Fig. 4. Manipulation of BMP gradient alters hormone expression in mice.

a, Mice were treated for 80 hours with BMPr1a inhibitor LDN193819. Immunohistochemical analysis of the intestine shows a repression of Sct and induction of Glp1 and Tac1 expression upon BMP inhibition. Glp1⁺ and Tac1⁺ expressing cells are mostly restricted to the crypt in control mice, but expand into the upper villus region upon BMP inhibition. b, Quantification of a. Number of Chga+ and Sct⁺ positive cells per treatment. c, Quantification of a. Number of Tac1⁺ or Glp1⁺ cells are displayed for each segment of the crypt-villus axis in the different treatments. Cells positive for Tac1 and Glp1 increase in the higher villus segments upon LDN193189 treatment. Tac1⁺ cells are counted and displayed in 10mm of the proximal small intestine. Glp1⁺ cells are counted and displayed in 30mm of the distal small intestine. Results presented are derived from n=4 mice per treatment, and statistics were calculated using a two-sided t-test.
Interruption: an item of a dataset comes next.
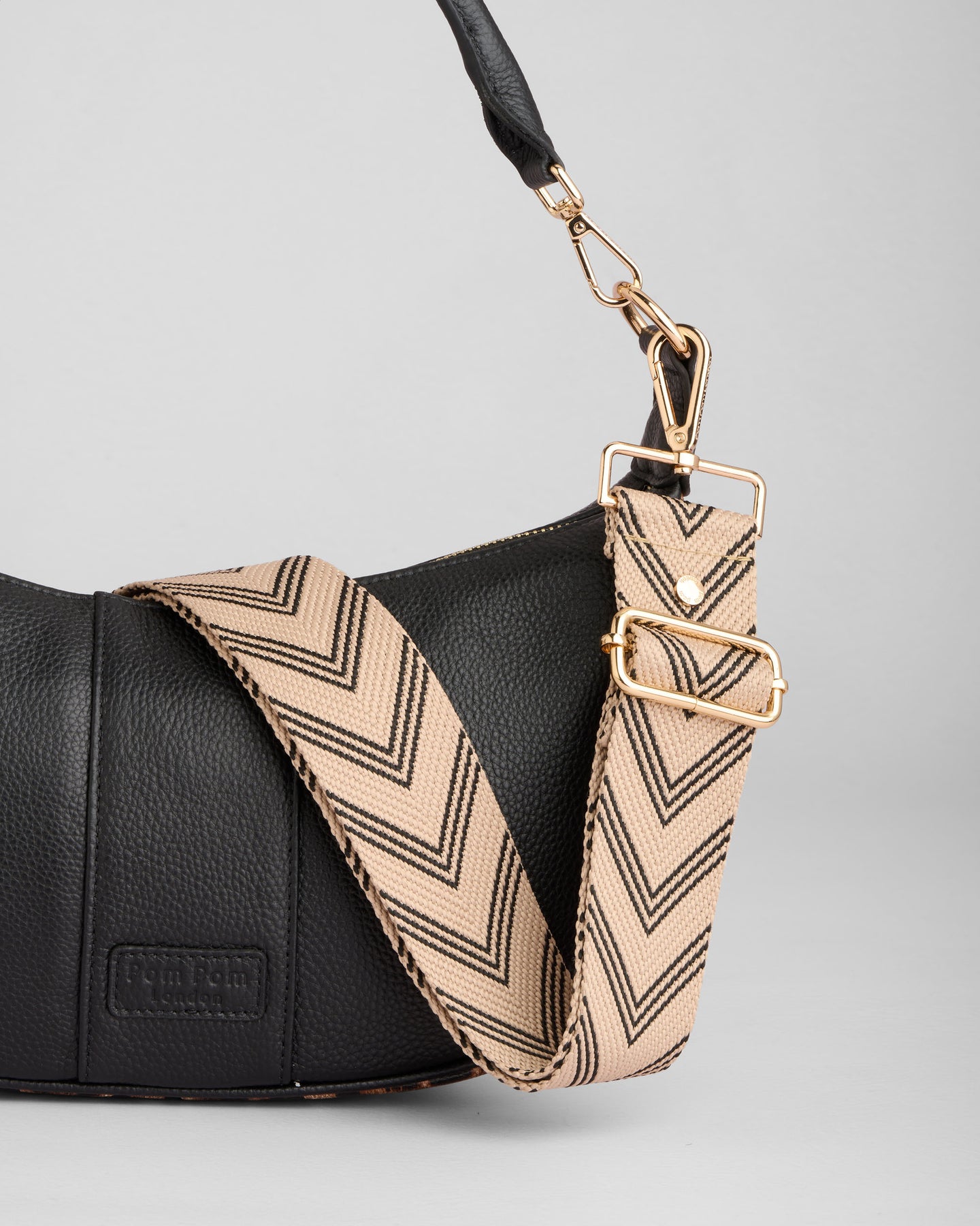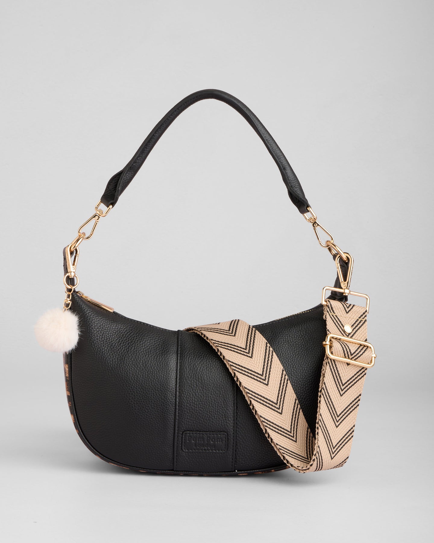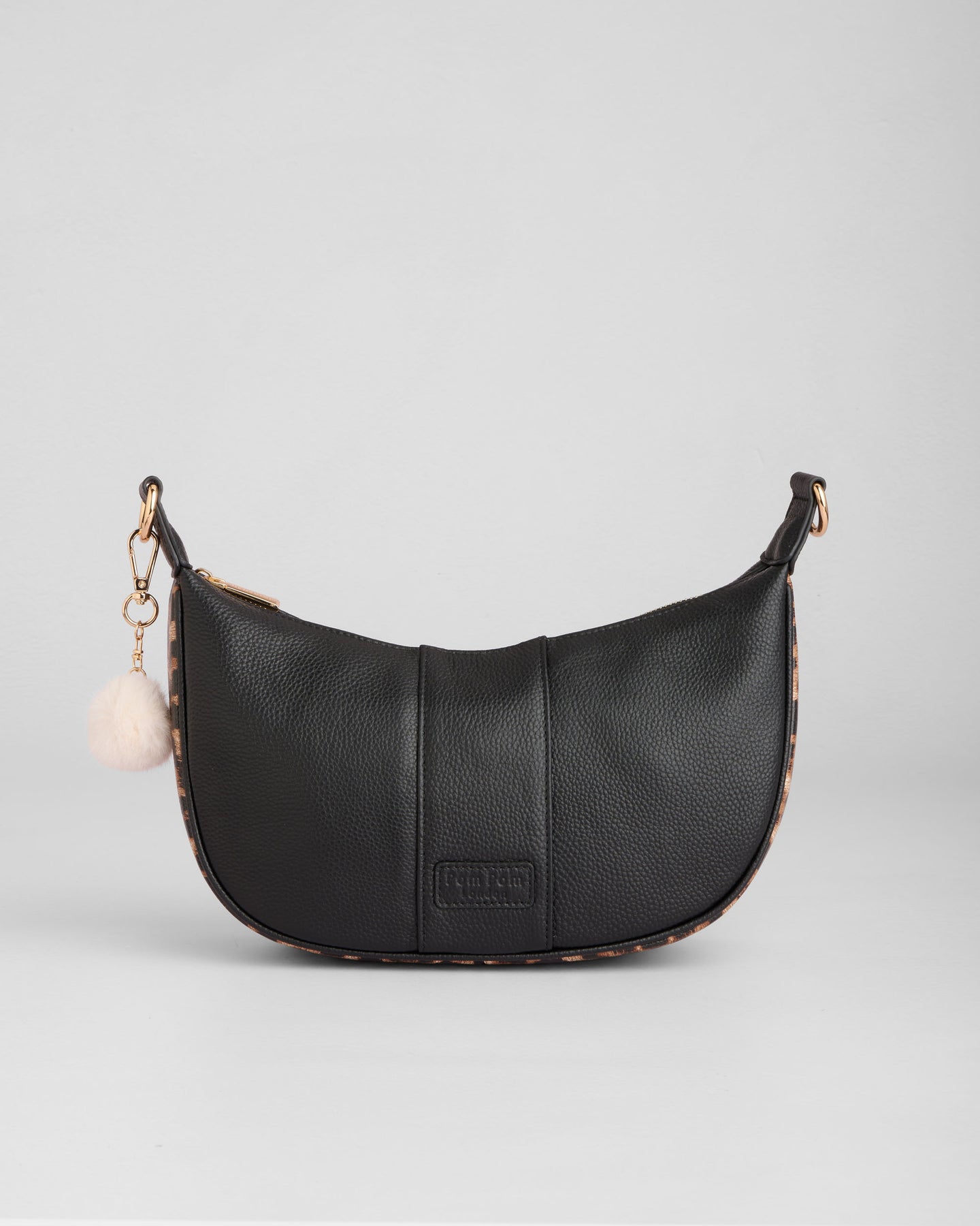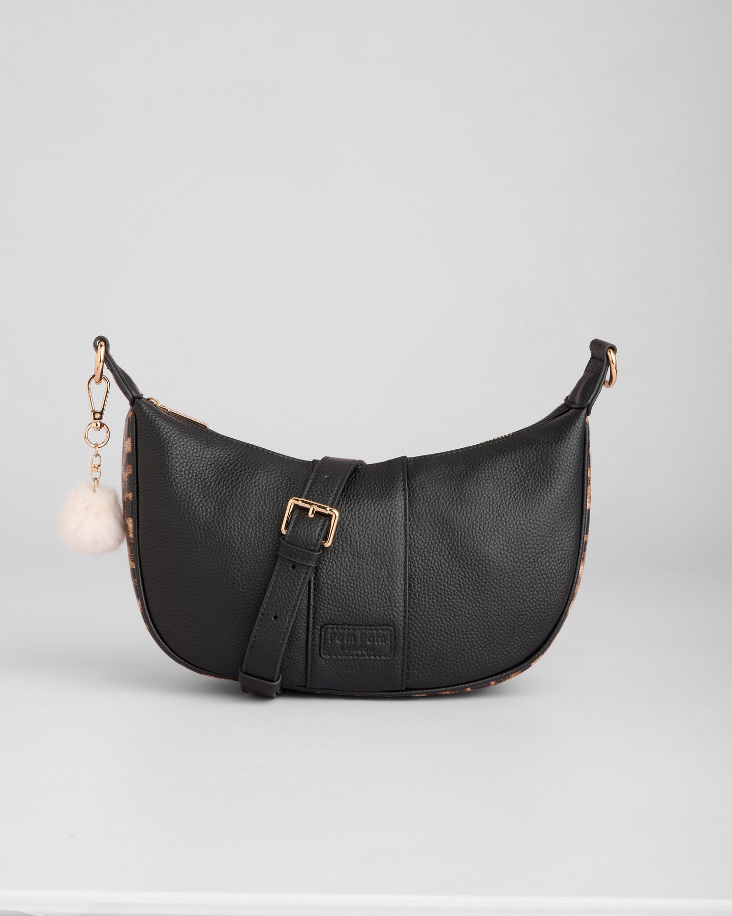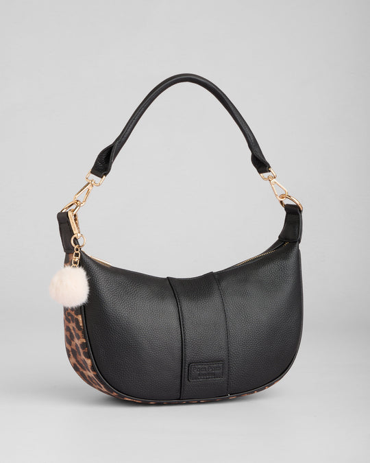 The Sutton Sling in Leopard Print Black features subtle leopard print detailing on the base, adding a statement touch to the classic crescent style.

Mean values per staining and treatment are shown, and error bars present SD. Scale bar is 50 µm.

Fig. 5. New human EEC differentiation protocol implies conserved BMP-controlled hormone expression.

a, Human small intestinal organoids were induced to differentiate either for 5 days by withdrawing Wnt signals (ENR) or to EECs through additional MEK and Notch inhibition. Immunofluorescence indicates the presence of different subtypes of EECs in human organoids. White arrows indicate NTS⁺ cells, red arrows Glp1⁺ cells. Experiment has been repeated four times independently with similar results. b, Brightfield images of human intestinal organoids in expansion medium or after a 5 day differentiation towards EECs. Experiment was repeated independently four times. c, The 5-day differentiation protocol of EECs (‘humanEEC’) was performed in the presence and absence of BMP4. Expression levels of hormones were determined by qPCR and are shown relative to duodenal ENR control. Gcg expression is shown relative to ileal ENR control, as it was not detected in duodenal organoids. Sample size represents n=2 biologically independent experiments, and the mean expression values are shown. d, Human EECs were produced in the absence (BMPlow) or presence (BMPhigh) of BMP4. NTS overlaps with GLP1 in BMP low conditions, while only NTS single positive cells are observed in BMPhigh conditions. Experiment was repeated independently four times. Scale bar is 50 µm. e, Model of EEC differentiation. K-cells are enriched in the proximal and L-cells in the distal part of the SI respectively, whereas ECs and D-cells are uniformly distributed. A crypt-to-villus BMP signaling gradient drives alterations in hormone repertoires in these EEC lineages.